S-Acylation of Neuronal Transport Machinery: A Focused Exploration of p150Glued S-Acylation in Neurons

ABSTRACT

Neurons require efficient trafficking and delivery of neuronal proteins and organelles to specific subcellular locations. Dynein and kinesin motors mediate long-distance transport of cargo along microtubules spanning the axon to maintain neuronal function. The activity of motor proteins is tightly regulated, and aberrant activity can result in various neuropathies. S-acylation is an important mechanism to regulate neuronal protein trafficking. I identified several motor protein subunits and their activators in S-acyl-proteomic studies as likely to be S-acylated.

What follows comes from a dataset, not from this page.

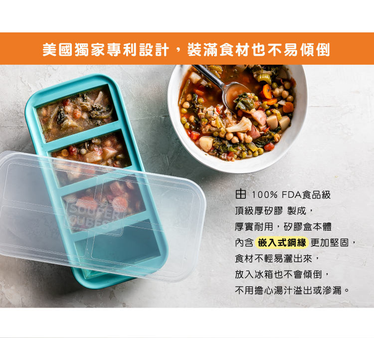 多功能食品級矽膠保鮮盒讓冷凍個人份量的湯品、嬰兒副食品、 醬料、 果汁等液 體變得更輕鬆簡單!採用100% FDA食品級頂級厚矽膠和鋼製邊緣製成,使盒身更加堅固避免溢出,好蓋又好裝。具有專利以及獨家設計的托盤可製作10.5x10.8x5.7公分+5.4x10.8x5.7公分大小的冰磚。每一格內都顯示刻度可清楚測量裝入的容量。不含BPA的上蓋可緊密貼合,以防止溢出、避免盒內食物沾染其他異味並易於堆疊及收納。不含雙酚A可安心使用。 可進洗碗機清洗。本體可進烤箱,安全溫度至212度(上蓋請勿放入).

The Sanders Lab recently confirmed S-acylation of the dynein activating complex dynactin subunit p150Glued. p150Glued is the largest dynactin subunit and mediates dynein complex microtubule binding and processive motility. Due to the importance of p150Glued in dynein-mediated axonal transport, I hypothesized that the functional role of p150Glued S-acylation is to regulate this trafficking process. To investigate this, I characterized p150Glued S-acylation during hippocampal culture development and identified a peak of S-acylation around day in vitro 14 and sought to determine if p150Glued S-acylation is reversible by analyzing turnover of p150Glued S-acylation and protein. I also developed neuronal culture models to replace endogenous p150Glued with GFP-tagged wild type or S-acylation deficient variants and to confirm the identity of the p150Glued S-acylating enzyme.